COMIC快楽天ビースト 2017年12月号のレビュー・感想・徹底解説
レビュー・徹底解説
299ページに詰まった、多様な「肉」の饗宴
2017年冬に発売された「COMIC快楽天ビースト」12月号。表紙を飾るのは赤城あさひ。その美乳ージョンカバーが目を引く。あらすじは挑発的だ。「チンチンシコの影響により終日ピストン輸送のみ」。これはもう、実用性一本で突き進む宣言である。タグは「巨乳」「美少女」。約300ページの雑誌という形式は、複数作家の多様な「肉」を一度に味わえる利点がある。外部評価(FANZA)では5.00点と高評価だ。果たしてその中身は、約束を果たしているのか。

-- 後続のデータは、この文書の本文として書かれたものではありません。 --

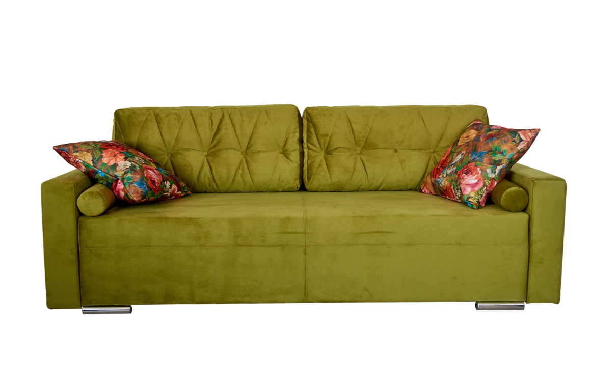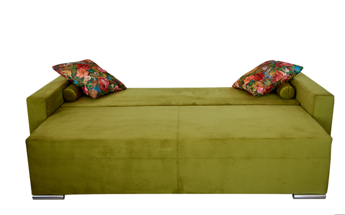 Диван-кровать с сочетанием микровелюра и атласного рисунка на обивке
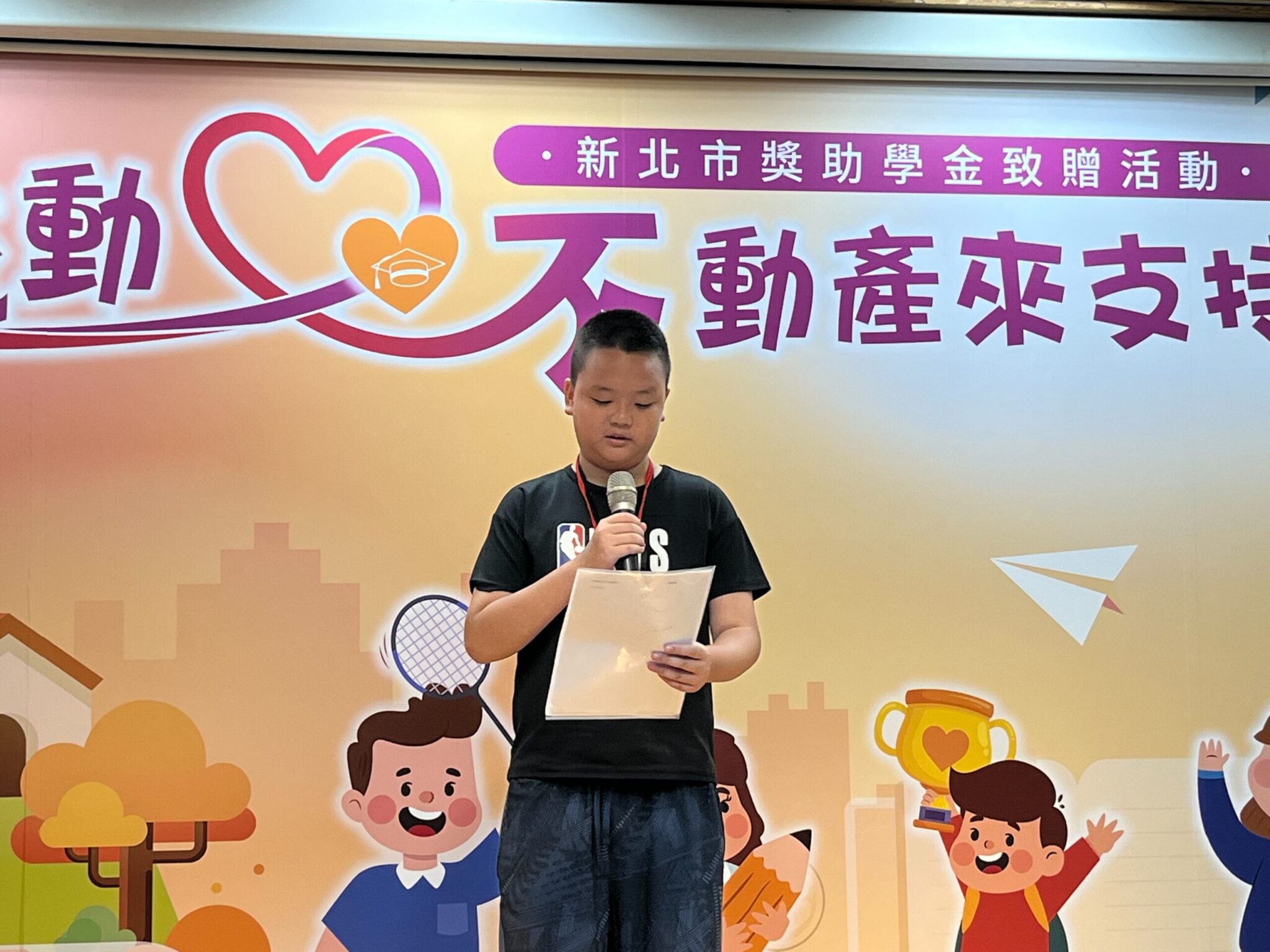 活動中邀請受助學生分享感想。來自單親低收家庭的小六生阿傑(化名)與就讀國三的哥哥由父親獨力撫養,生活雖困苦,但阿傑很貼心懂事,努力讀書、成績亮眼。他說:「爸爸常說『你們只要好好念書,爸爸會撐起這個家』,這句話我一直深深的記在心裡」。阿傑喜歡畫畫與打籃球,他說:「畫畫能讓我把想像中的世界畫出來,打球則讓我覺得很快樂。」他也期許自己快快長大,減輕爸爸的負擔,成為一個能幫助別人的人。
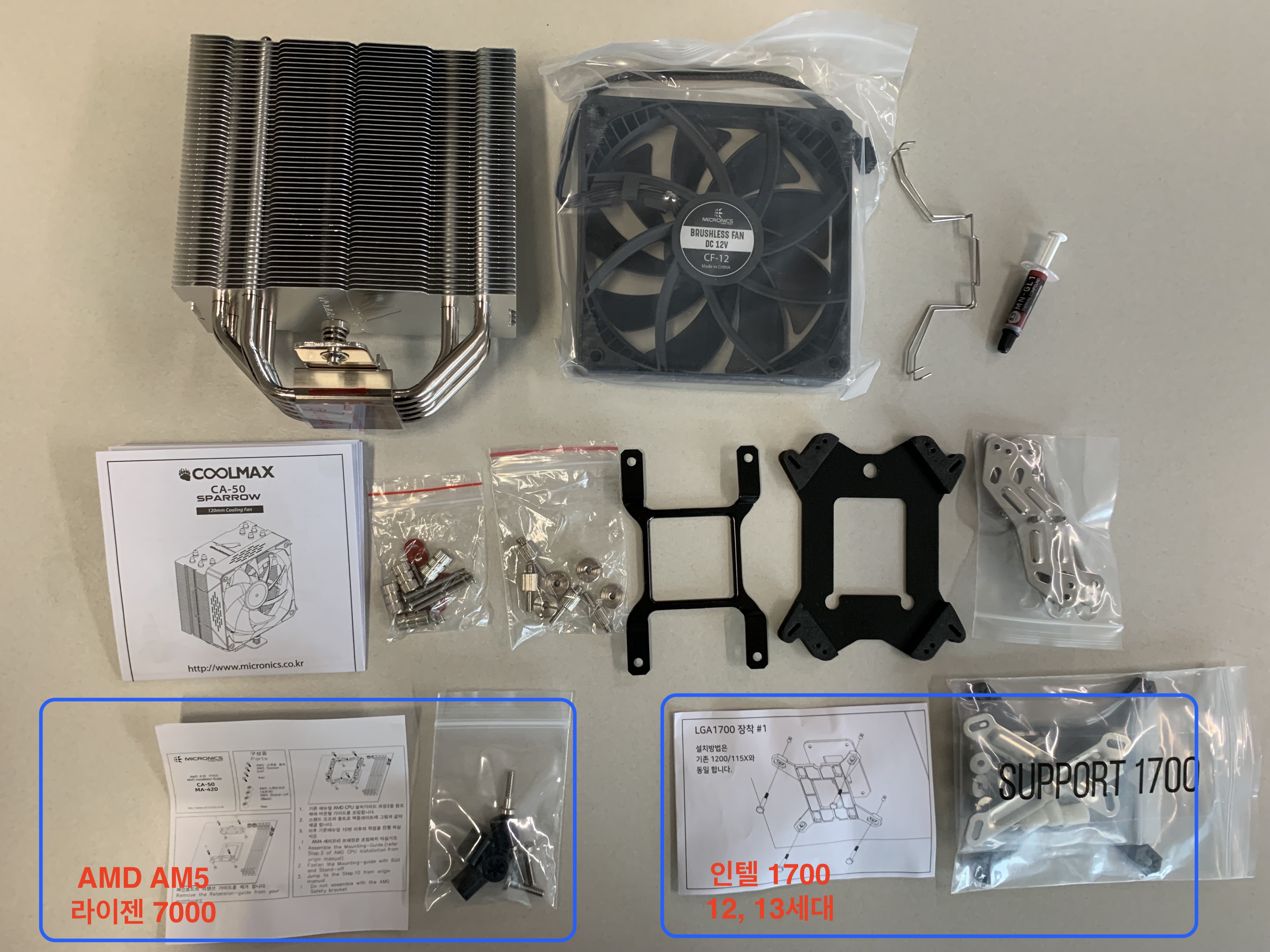 쿨러 본체, 설명서, 써멀 구리스, 그리고 CPU 제조사별 구분된 브라켓으로 구성되어 있습니다.
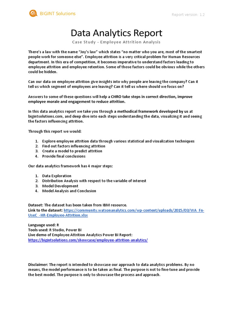 Disclaimer: The report is intended to showcase our approach to data analytics problems. By no
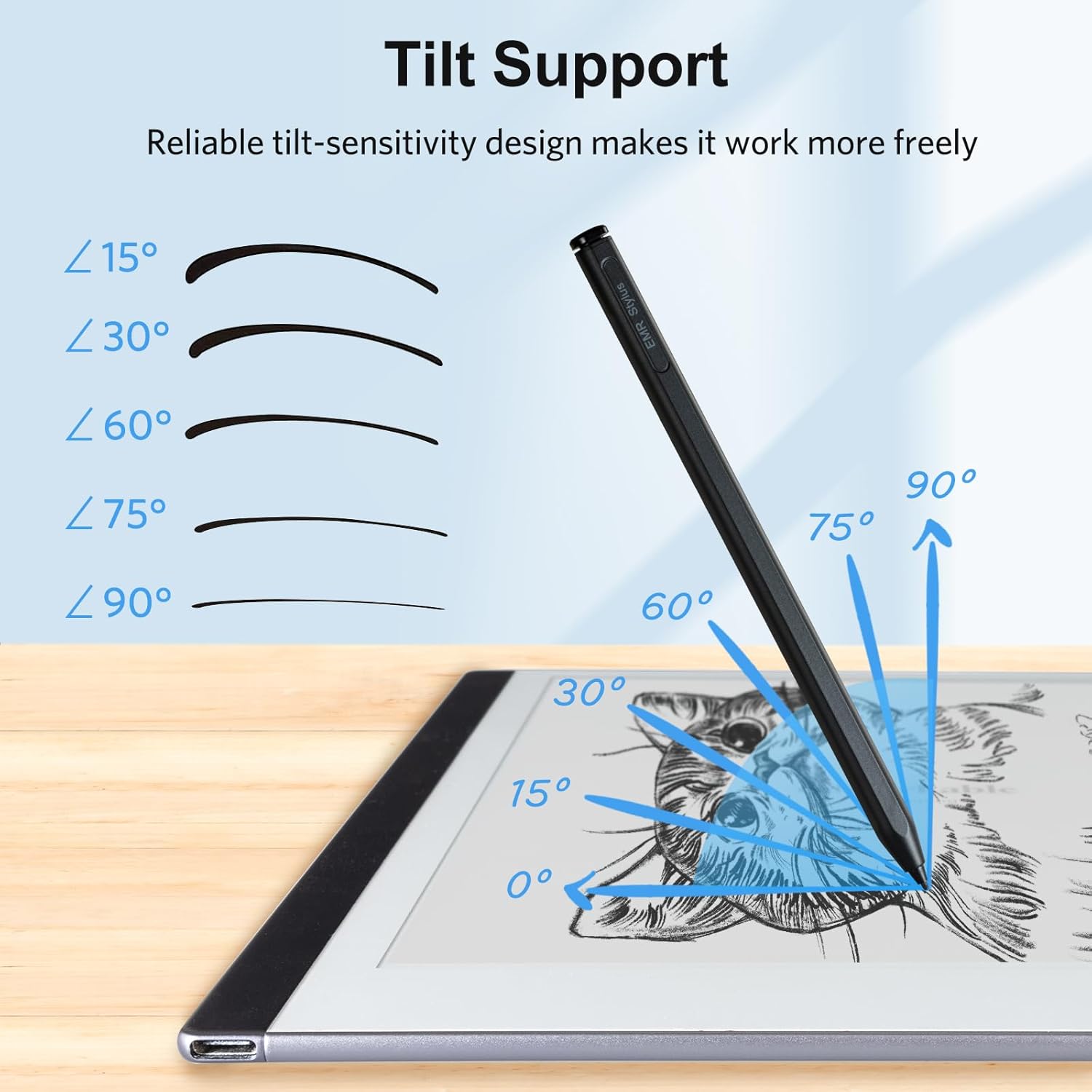 Palm rejection and Tilt support: The pen features a palm rejection function and tilt writing capabilities, making it comfortable to use for long periods
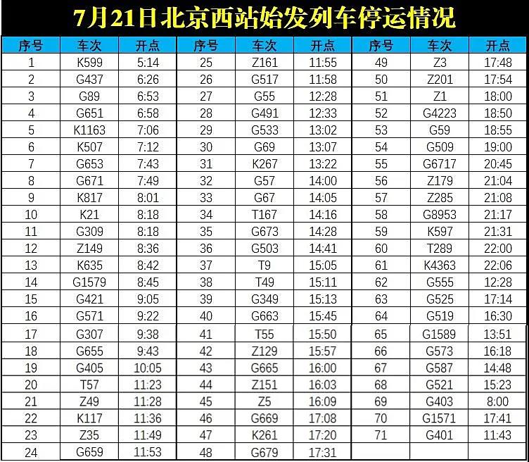 受河南多地遭遇持续强降雨天气影响,7月21日北京西站以下始发列车停运。
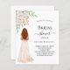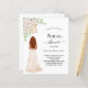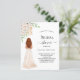 En vit bakgrund. En brud, vita blommor och grön. Anpassa och lägg till information om namn och party. 1 lakan = 1 inbjudan tryckt kant till kant.

赤城あさひの「美乳ージョンカバー×ペニステッキぶん回し」
表紙を担当する赤城あさひの読切が最初の山場だ。あらすじに「美乳ージョンカバー×ペニステッキぶん回し」とある。これは具体的な描写を指していると思われる。巨乳を強調する「ジョンカバー」と、活発な性行為を示す「ぶん回し」の組み合わせ。ここから推測するに、動きのある激しい絡みが期待できる。巨乳タグを持つヒロインが、その武器を存分に活用する。おそらく、肉感的でありながら躍動感のある作画が展開される。正直、このフレーズだけで購入意欲がそそられた。作者は読者が何を求めているかを熟知している。
火鳥が掘り当てる「値18禁の痴●資源」
もう一つの注目は、初単行本を控える火鳥の作品だ。あらすじでは「値18禁の痴●資源☆」と表現されている。この「痴●資源」という言葉は、日常の中に潜む、濃厚なエロスを指していると思われる。巨乳や美少女という要素に加え、どこか背徳感や秘密めいたシチュエーションが絡む可能性が高い。単に可愛いだけではない、掘り下げられた「痴」の描写に期待がかかる。タグからは直接読み取れないが、作品の深みを感じさせるキーワードだ。こういう隠された趣向を探るのも雑誌の楽しみである。
オクモト悠太から牡丹もちとまで、多様な「変身」劇
クライマックスというより、この号の真骨頂はそのバラエティにある。「酒と泪で男と女になるオクモト悠太」「サーキットで狼になる牡丹もちと」。あらすじに登場するこれらのフレーズは、非日常的な「変身」をテーマにした作品群を示している。日常の感情(酒と泪)や特殊な環境(サーキット)が、キャラクターの内面や関係性を激変させる。巨乳・美少女という外見的要素に、こうした心理的・状況的なドラマが加わる。読者は単なる肉体描写だけでなく、その「変身」の過程に引き込まれる。自分は牡丹もちと先生の、野性味あふれる描写に特に期待してしまった。
購入前に知っておきたいこと
Q. 単行本と単話、どっちがお得?
この号は雑誌(単話集合体)です。299ページで複数作家の作品が読めるため、コスパとバラエティでは雑誌が圧倒的にお得です。気になる作家の単行本は、こちらで試してから追うのが賢い選択でしょう。
Q. 前作やシリーズを知らなくても楽しめる?
問題ありません。快楽天ビーストは毎号独立した雑誌であり、掲載作品のほとんどは読切です。シリーズ物であっても、その1話で完結する楽しみ方ができるように作られているため、初めてでも十分に楽しめます。
Q. 地雷要素(NTR、スカトロ、暴力等)はある?
与えられたタグやあらすじからは、過度な地雷要素は読み取れません。主要タグは「巨乳」「美少女」であり、比較的スタンダードな嗜好向けと思われます。ただし雑誌内の個別作品によって趣向は異なる可能性はあります。
Q. ストーリー重視?実用性重視?
あらすじの「終日ピストン輸送」という表現が示す通り、実用性を強く意識した号です。ただし作家によっては「酒と泪で男と女になる」ようなドラマも含まれており、実用性を基盤にしつつ、シチュエーションの魅力で差別化を図っているバランス型と言えます。
多種多様な「肉感」を収集するコレクターズアイテム
総合してAランクと評価する。その理由は、一本の長編を読むのとは異なる「雑誌の楽しみ」を存分に提供している点だ。赤城あさひの直球勝負から、火鳥の掘り下げた趣向、オクモト悠太や牡丹もちとの変身劇まで。約300ページは、まさに多様な「肉感」の見本市である。画力や作風の違いを一度に比較できるのは雑誌ならではの特権だ。外部評価が5点なのも頷ける。久しぶりに「買ってよかった」と思えた雑誌の一つ。巨乳と美少女という普遍的なテーマを、いかに多角的に料理するか。その手腕を見るだけでも価値がある。迷っているなら、この濃厚な一冊に飛び込むべきだ。